少し私も混乱していました。以下に私が前回思ったことを説明しますが、前回の主張は全て取り下げます。

(1)私が書いた「非相対論的だから」というのは光と物質の相互作用の話で、スピンが関係した効果は1/cの因子がつくのでその分小さいという意味です。それでこれは電子からでた光が他の電子に吸収されるときにはスピンの効果は小さいだろうと思ったわけです。しかしこれはクーロンポテンシャルの話でした。
レーザーなどの電磁波(クーロンポテンシャルは電磁波じゃない)だと話が違ってくるだろうという理由で前言撤回します。

(2)「平面波は球面波で展開できるから、角運動量をもつ」という主張は正しいと思います。ただあらゆる大きさの角運動量状態の重ね合わせだという注意書き突きで。

(3)「レーザーなどで決ったスピンの値を物質に与えられるか?」については、レーザーといえどスピン状態の重ねあわせなので、確実に決ったスピンとはいえないけれども、統計的には、決ったスピンの値だけを物質に与える効果がでかいというような設定はできると思います。ただ、その他のスピンの値をもった光も混じっていますから、確率的にという意味ですが。

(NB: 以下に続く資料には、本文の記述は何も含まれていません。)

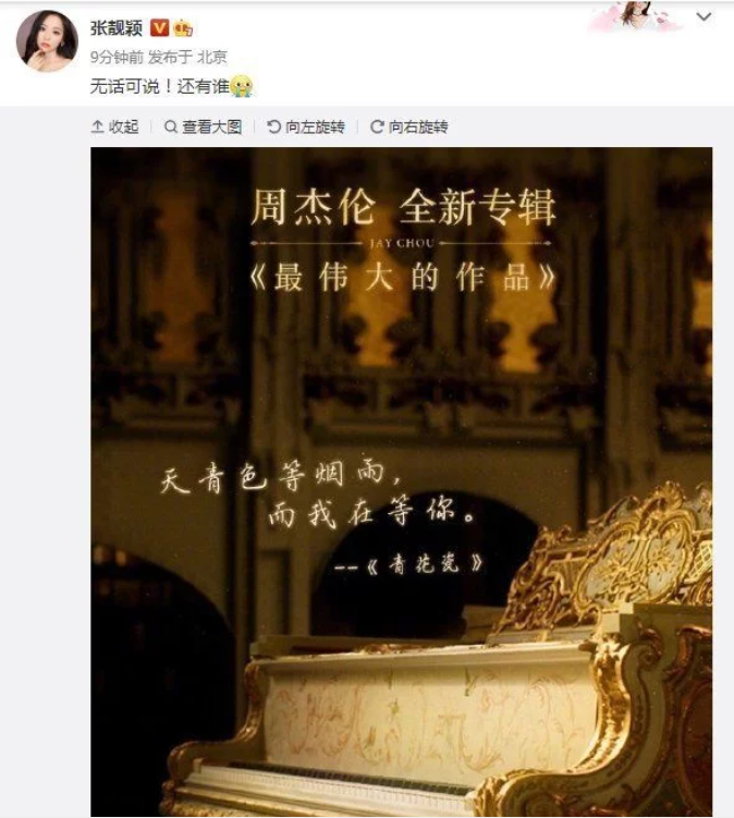 張靚穎說:“無話可說,還有誰?”張靚穎甚至帶了周杰倫新歌的購買二維碼,被我裁掉了。張靚穎是不是拿了周杰倫的營銷費(fèi)用呢?是不是有提成呢?哈哈,開玩笑,張靚穎只是單純地喜歡周杰倫。
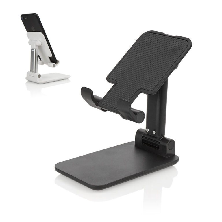 Soporte plegable y ajustable para dispositivos móviles, con base antideslizante.
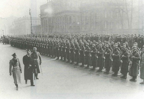 Bildlegende: Fürst Franz Josef II. schreitet während seines Berlinbesuchs 1939 eine Ehrenkompanie ab. Fotografie (LI LA).
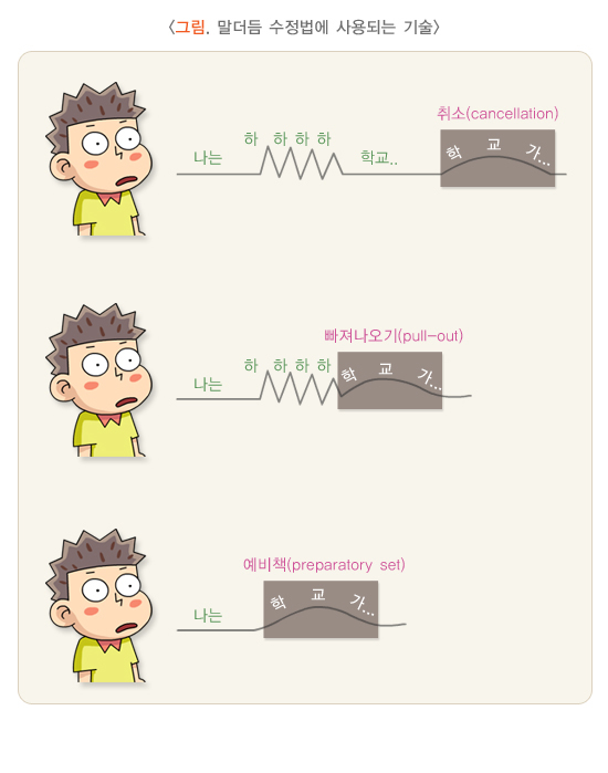 말을 더듬는 사람은 말을 더듬지 않으려고 부단히 노력합니다. 그러다가 더듬을 가능성이 있는 낱말이 문장 속에서 접근해 오면 각종 회피 행동을 동원하여 더듬지 않으려고 노력합니다. 실례들을 살펴본다면 동의어로 바꿔치기(버스표-차표, 정류장-차, 타는 데, 방법-수단, 도둑-강도), 돌려 말하기(초등학교-아이들이 공부하는 데, 숙제 있냐?-뭐 할 것 있냐?, 물 좀 주세요, 목탄다), 다른 말 앞세우기(콩-흰콩, 담배 주세요-아저씨 담배 주세요, 졸려 죽겠다-아이구 졸려 죽겠다) 등이 있습니다.
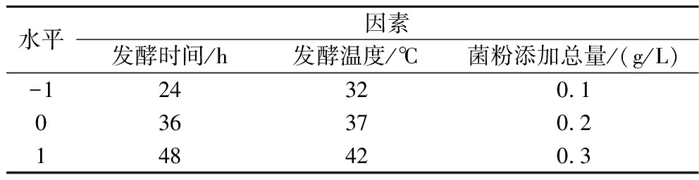 水平因素发酵时间/h发酵温度/℃菌粉添加总量/(g/L)-124320.1036370.2148420.3

(4)スピンは相対論的といわれますが、あまりとらわれない方が良いと思います。古典的にその起源が説明がつかないという意味であって、古典論でスピンの事が全く扱えないという意味ではありません。実際スピンに対する運動方程式は知られています。

また大抵の場合スピンに関する運動方程式には1/cという因子がつくのでcを大きいという近似をすればその効果が落ちるという意味でも、スピンは相対論的であるといわれることもあると思います。でも運動方程式は古典論でも書けます。量子論的な揺らぎは勿論あるので平均値に対する運動方程式といったほうが良いかも。

最後に、私素人なので深いことは分りません。ジャクソンの電磁気学ならその手の話題も載っている可能性でかいと思います。

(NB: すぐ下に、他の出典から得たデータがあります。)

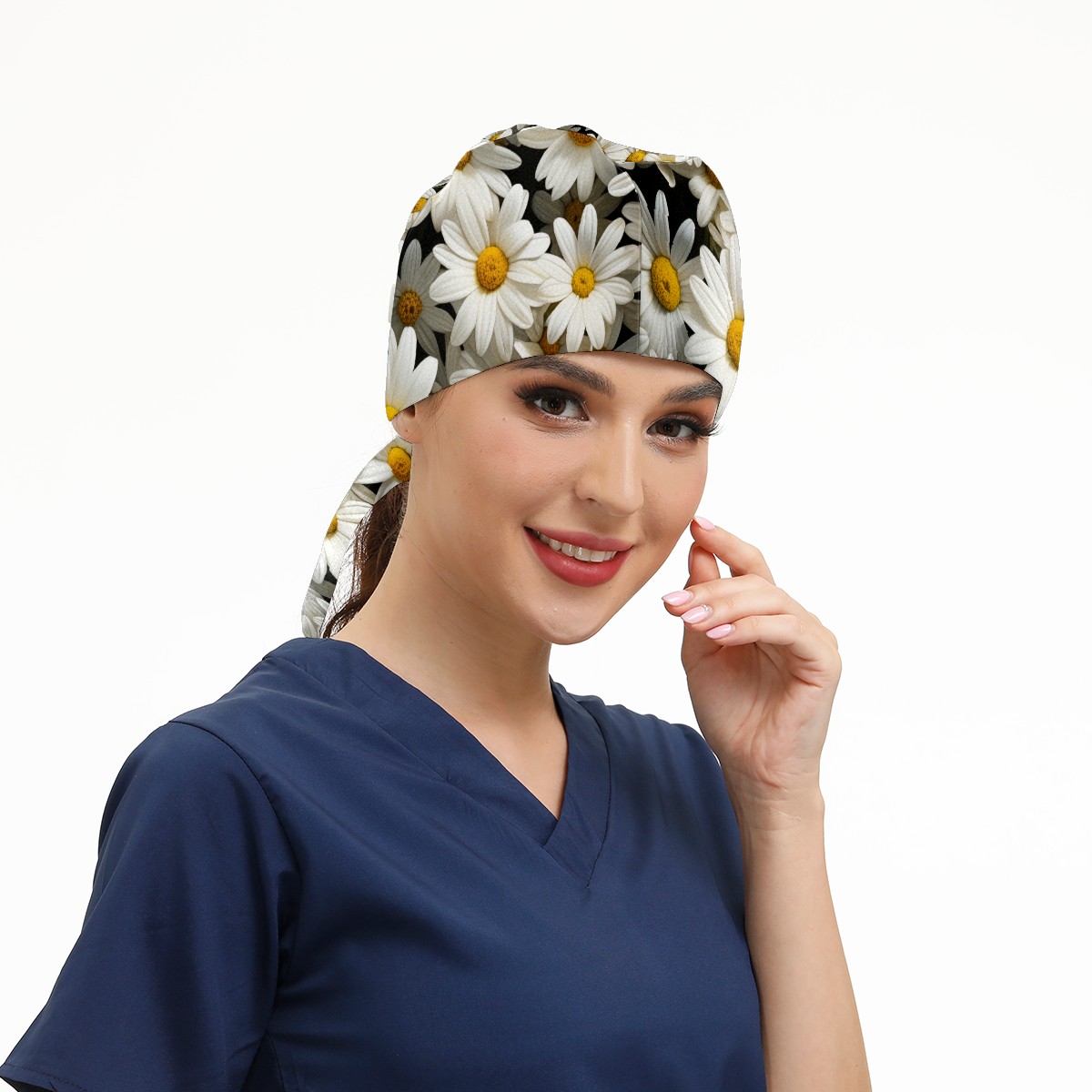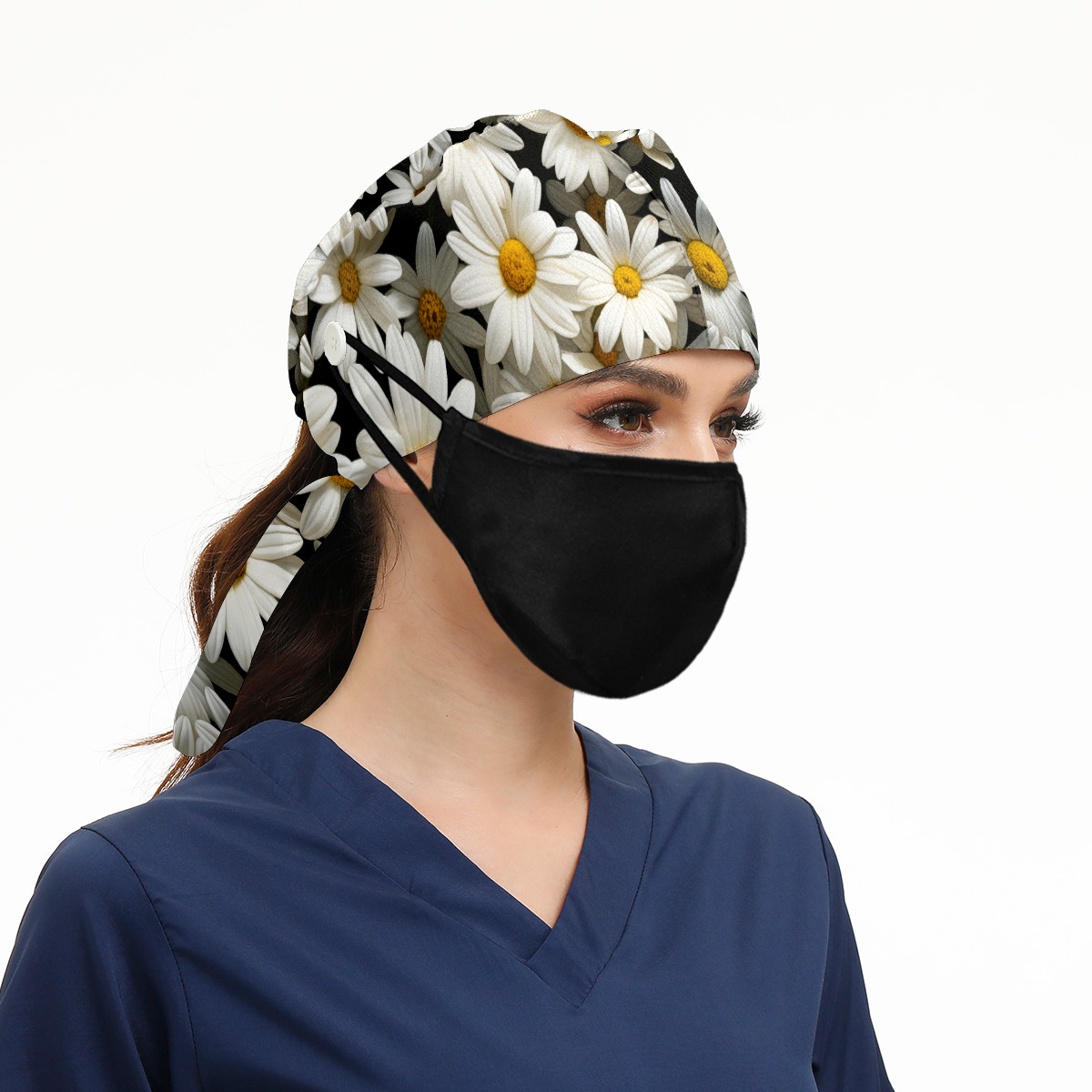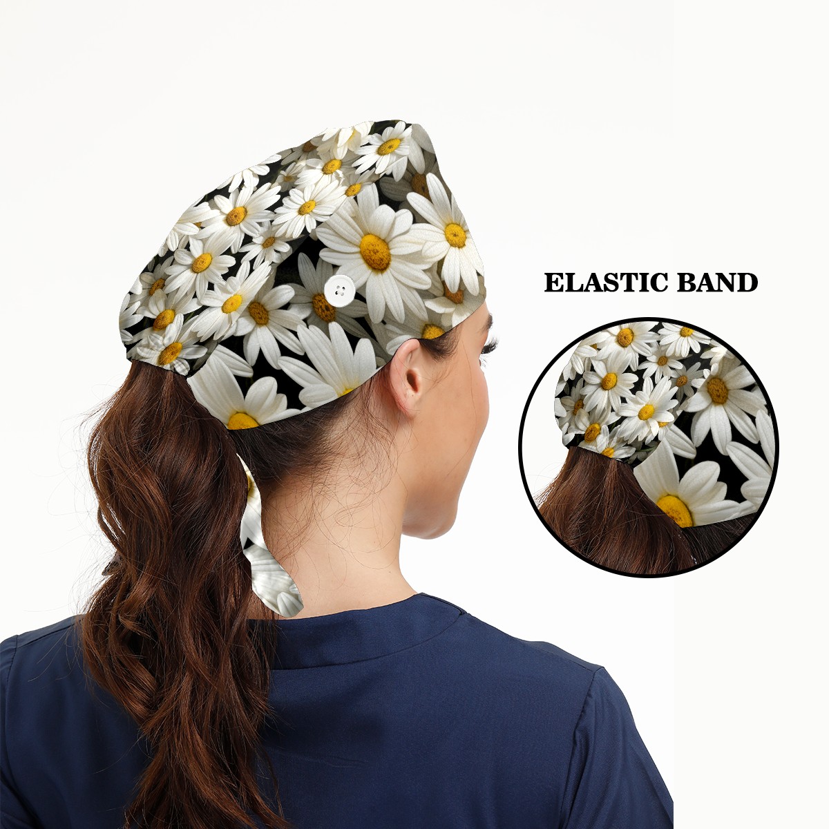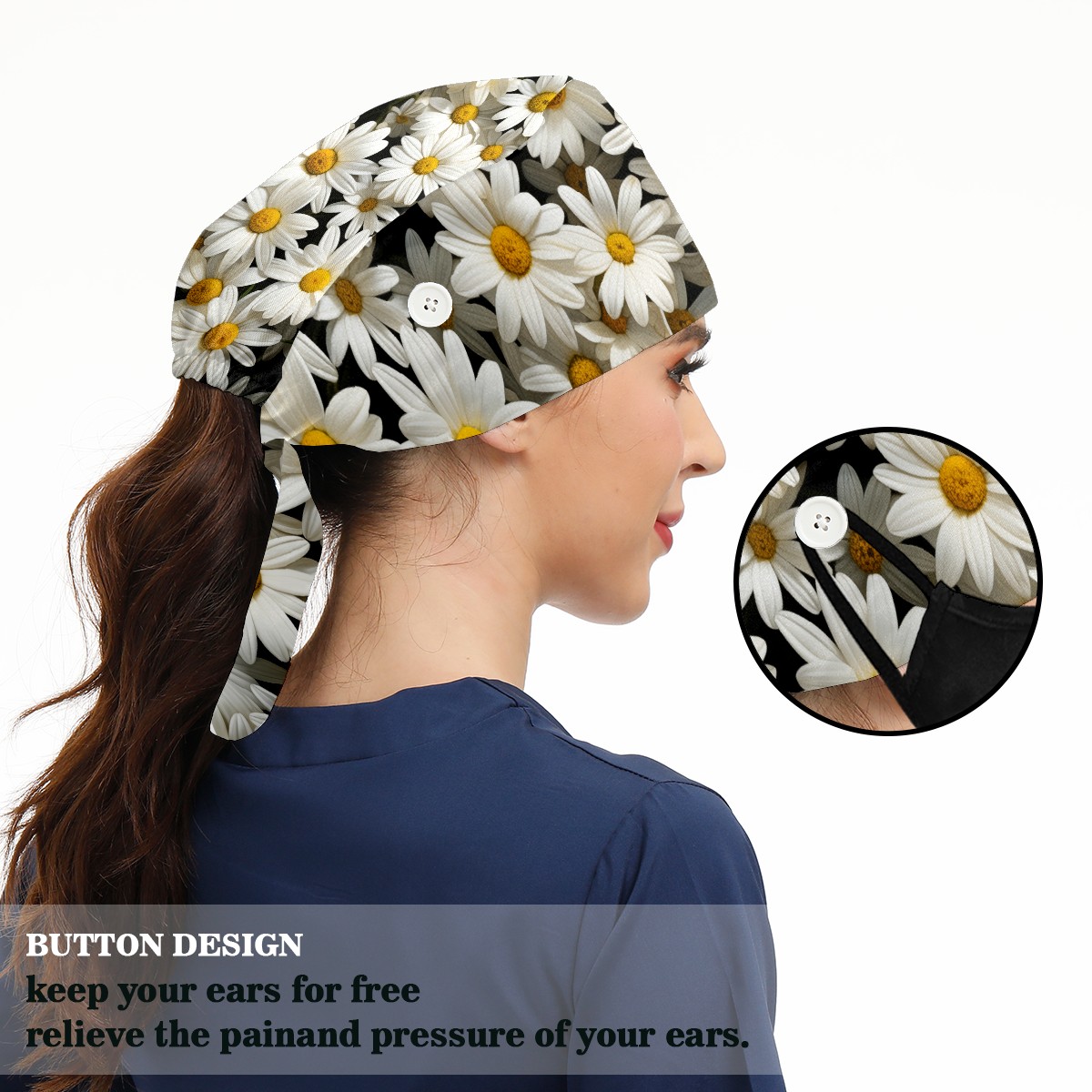 Working Caps with Button&Sweatband Satin Lined Cotton Adjustable Nurse Hats Elastic Band Scrub Cap Surgeon Hat Calendula

投稿日時 - 2007-02-12 09:01:15

補足

2度にわたるご回答感謝いたします。最後の文章は「この話はこれ位にしましょうと」いう風に理解すべきかも知れませんが、もう一点だけご意見を頂ければ有難く思います。

ご回答の(2)の部分にあらゆる大きさの角運動量の重ね合わせだという注意書きがあります。私も同じ意見ですが、ひとつの球面波が持つ固有の角運動量は[l,m]で原子核の周りの電子は表されますよね。光の場合の球面波の角度関数は球面調和関数で全く同じです。

私は光は質量こそ持たないけれどもエネルギーは立派にあるため運動量も角運動量も定義しても全然おかしくないと思っています。ましてや電子の波動関数と光のデバイポテンシャルの形は角度方向については同じなので全角運動量の2乗と角運動量のz成分については電子と光は全く同じだとさえ考えても良いのだと思っています。

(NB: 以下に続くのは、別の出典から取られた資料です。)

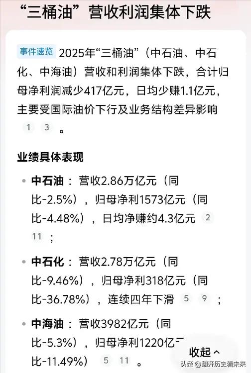 又一个关键的、好玩的消息来啦…… 根据相关统计报道:2025年“三桶油”(中石油、中石化、中海油)营收和利润居然集体大跌; 三桶油合计归母净利润减少417亿元,日均少赚1.1亿元! 那么我们来研究一下:三桶油为什么营收和利润会大跌呢?我个人认为的答案如下! 第一,油价是不是太便宜了、三桶油是不是太心软了,如果再继续涨点价的话,估计三桶油的利润就不会下滑了。 第二,我强烈怀疑现在用电车的人越来越多了、加油的人越来越少了,这也许是三桶油利润下滑的又一个关键原因。 第三,我们大家都知道:利润=营收—成本;如果营收没有大幅度增加的话,那么就是三桶油的运营成本太高了。 当然了,造成三桶油利润下降的原因还可能有很多,例如:办公楼建多了、工资和奖金发猛了、各种招待太多了等等。 最后我还是想说一句,既然三桶油都赚不到钱,甚至都会亏损;那么我个人强烈推荐自己来管理三桶油、我保证亏损了之后不找组织要补贴。 大家觉得呢?
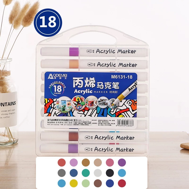 M6131-18色丙烯马克笔学生水彩笔安全可叠色不透纸涂鸦绘画笔 96/箱

そうだとすると偏光の話は軌道角運動量のz成分を決める話であってスピンとは別物だと思うのですが、スピンを偏波面で測定できるような記事を目にします。一部でも結構ですコメントお願いできれば幸いです。

投稿日時 - 2007-02-12 18:11:08

断片的な知識をつなぎ合わせて私なりに理解しようとした結果のこうではないかという予想を書かせてください。

疑問は電場の偏向によって物質が受ける圧力が違うのでないかということですよね。そういう効果はあるとは思いますが相対論的効果で小さいのだと思います。ディラック方程式から導かれる結論としてスピンの効果は非相対論的なことが知られているからです。
逆に言うとエネルギーを上げてゆけば光のスピンによる効果が見えてくるのではないでしょうか。光子がスピンを持つ事を調べたければレーザーをつかうんじゃないでしょうか。勿論へんきょくフィルターも、ヘンキョク≒スピンを認めればスピンの実験ですが、レーザーならもっと積極的にスピンを操作できるとおもいます。

投稿日時 - 2007-02-11 21:06:08

補足

ご回答ありがとうございました。スピンの効果は非相対論的で小さいと言う意味が不勉強で理解できません。完全な平面波は球面波の集まりですから球面波は角運動量を持つという言い方もできますが、それでは球面電磁波は電子と同じ様に軌道角運動量やスピン角運動量を持つと思っていいのか悩んでいます。レーザーの偏光で決まった方向のスピン角運動量を物質に与えることができるのでしょうか。よろしくお願いします。

投稿日時 - 2007-02-11 23:02:38

ANo.1

光子はスピン1のボゾンです。
なんでだかはわすれましたが、スピン0の状態が見えなくて、このうち1とー1が偏向になっていると記憶してます。

したがって、ある電磁波の状態では|1> と |-1> の重ねあわせで、
これを観測する実験をすれば、どちらかにある確率で収斂する
と思います。

よってトルクとはあんまり直結しないかと思います。

大昔の記憶ですので、間違っているかもしれません。

投稿日時 - 2007-02-11 20:11:23

補足

ご回答ありがとうございました。教科書どうりで異論はありませんが
天下り的なので少し感性で理解したいと思って質問させていただきました。電子のスピンを古典的に理解するのは大きさがあまり小さいため、断念しました。光のエネルギーはそこそこ広がりを持っているのでR*(E*H)で角運動量を考えてもいいのかと思って円偏光とか直線偏波とかいう言葉をつかいました。
 でもスピンは粒子固有の性質でそんなマクロなものとは全然違うものなのでしょうか。トルクは不適切な言葉かも知れませんが物質の電子の持つスピンと多分相互作用するのかと思って質問の中で使いました。広がりすぎて相互作用したとたんに波動関数がシュリンク、普段はその姿を全く見せないのでしょうか。